The attack and defence were conducted during the winter with equal obstinacy, though the Allies, and particularly the English, suffered exceedingly from the severity of the weather, and the want of necessary supplies. The ordinary routine of siege duty was steadily pursued for nearly twelve months, relieved by occasional sallies and assaults, which had no decisive result, until the last desperate attempt of the Russians to raise the siege by attacking the line of the Tchernaya, speedily followed by the successful assault and capture of the place itself.

The unexpected duration of the siege of Sevastopol has astonished the world, and given rise to many strange speculations, and the promulgation of many marvellous opinions. Russian sympathizers have discerned in it the evidence of Russian superiority in combat, and unparalleled skill in engineering. Many crude opinions, too,

have been hazarded with regard to the mysterious nature of "earthworks," as though these were some Muscovite discovery in the art of military engineering, which would entirely revolutionize the science of attack and defence of fortified places. Quackery is not confined to professors of the healing art. We may, however, safely assume that there are not many secrets in the science of medicine or of war. Wise men in both professions laugh at such pretensions. We venture the opinion that the siege of Sevastopol was protracted, not because of the unparalleled skill of its defenders, much less of new discoveries which they had made in the art of defence, but solely because the besiegers neglected some of the very first principles laid down by the great instructors in the Art of War.

Marshal Vauban, the highest authority on this subject with military men, says, in his "Attaque des Places," "The success of the assailants will depend upon several things." 1. "The investment of the place." 2. "On the amount of force we can bring to the attack. In attacking a fortified place the besieging force should be at least five times as numerous as the garrison." 3. "On the superiority of the besiegers in artillery. *** After the investment, the next step is to subdue the artillery of the place." Now all these alleged necessary conditions of success seem to have been totally disregarded by the Allies. Sevastopol has not been "invested" to this day. From the day the trenches were opened to the hour of its fall, it was open to the north, and in uninterrupted communication with the Russian army in the field. The required superiority in the besieging force was never possessed by the Allies, for, from the most reliable accounts, they have never had, at the most, more than a bare equality of numbers. The old marshal's third condition has been equally disregarded. "To subdue the artillery of the place," is held to be a sine qua non by military men, which, if neglected, can only be atoned for by the sacrifice of men. But if the reports from the Crimea may be relied upon, Sevastopol has constantly been superior to its assailants in both the number and calibre of its guns.

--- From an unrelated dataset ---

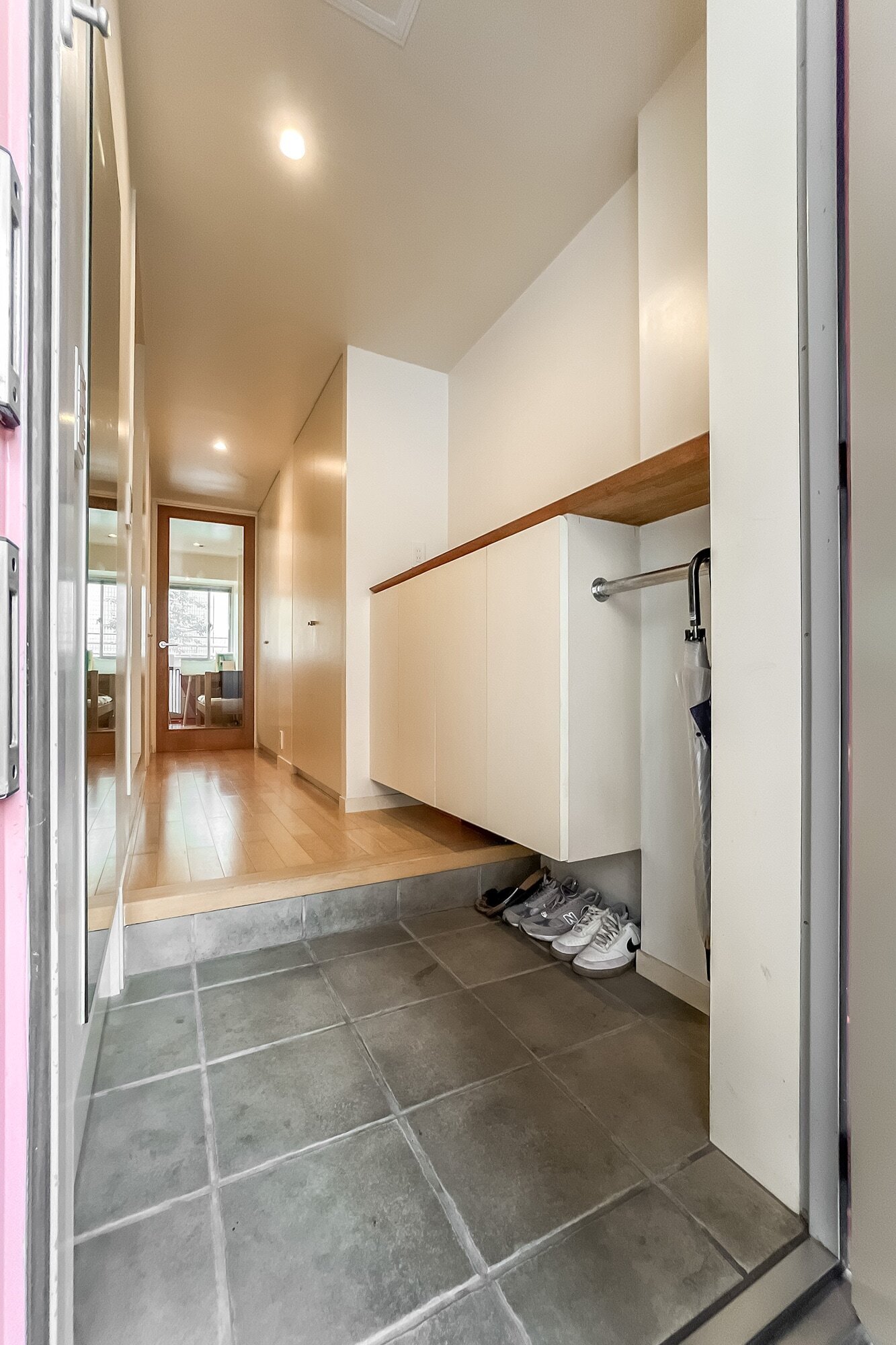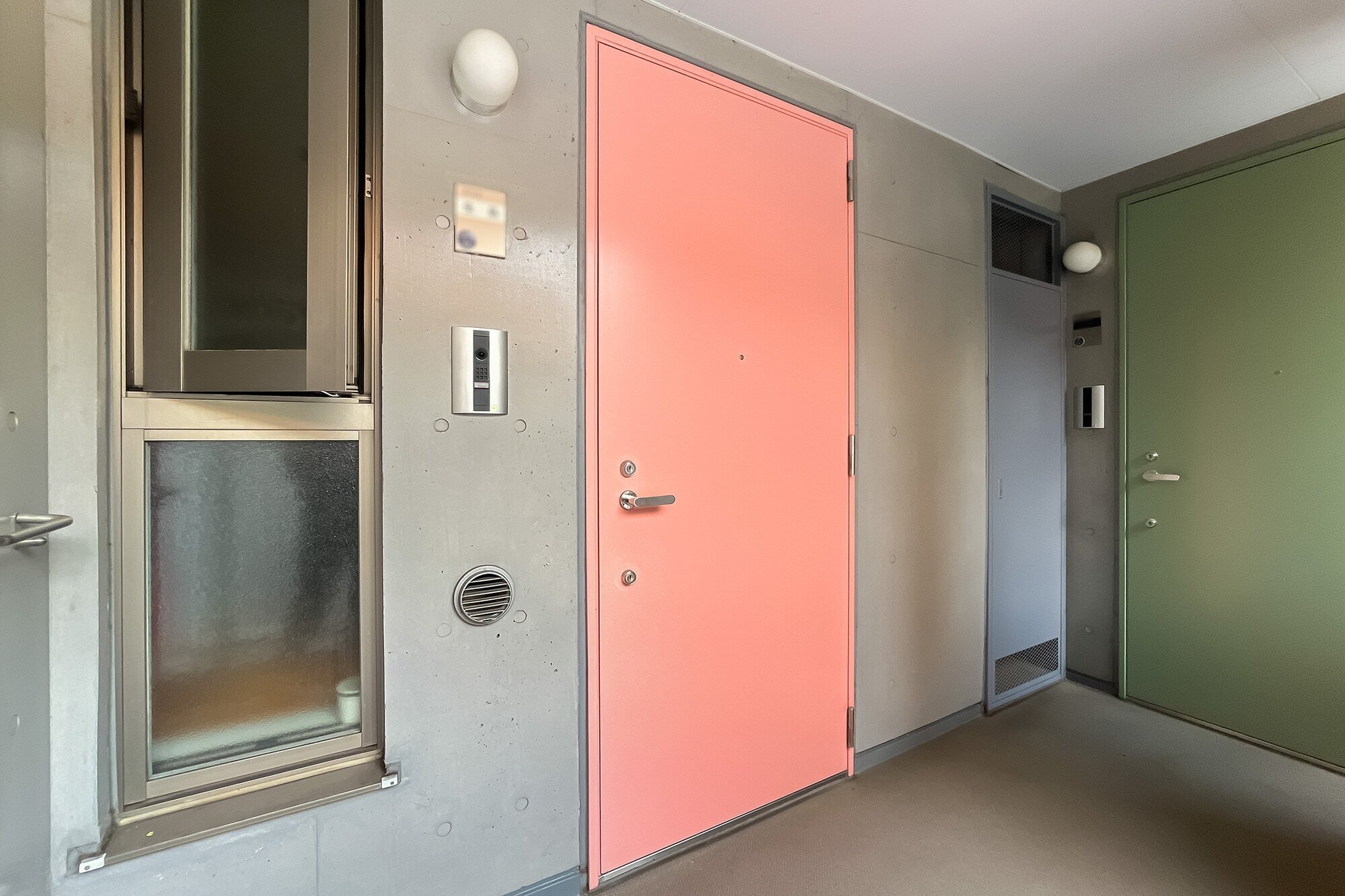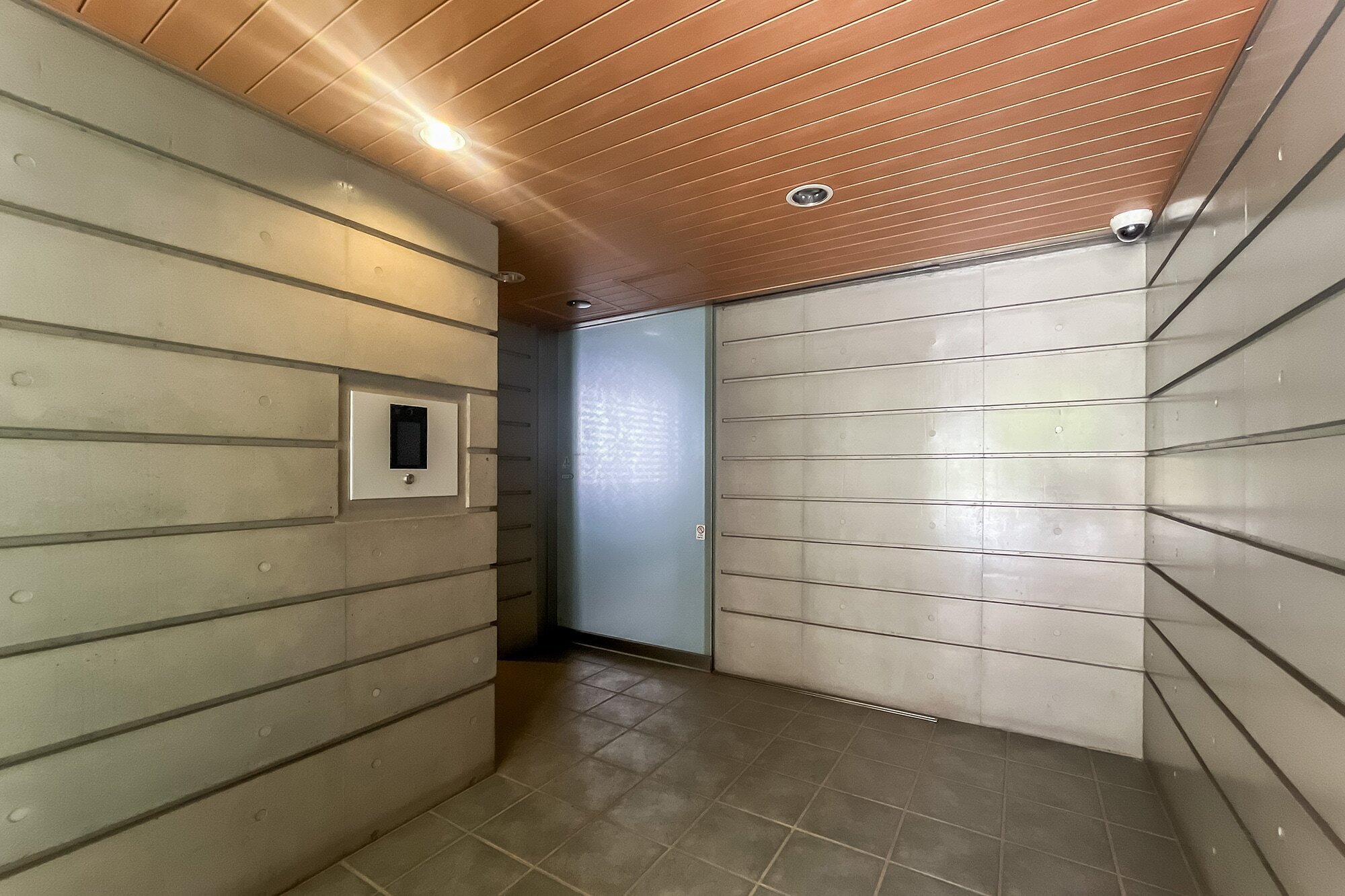 - 物件は2003年竣工のコーポラティブハウス。コンクリートを使ったスタイリッシュな印象のエントランスまわりで、共用部にはオートロック・宅配ボックスを備えています。

Vauban makes the success of an attack depend on several other things; but those mentioned are sufficient to show that the protracted defence of Sevastopol may be accounted for without assuming any remarkable discoveries in engineering on the part of General Todtleben, or any special virtues in the "earthworks" thrown up under his direction. "Earthworks" are simply ramparts of earth thrown up to furnish an extempore protection when time is wanted to erect more durable defences; and, so far from being novelties, they were doubtless the earliest method resorted to, to strengthen a position threatened by an enemy.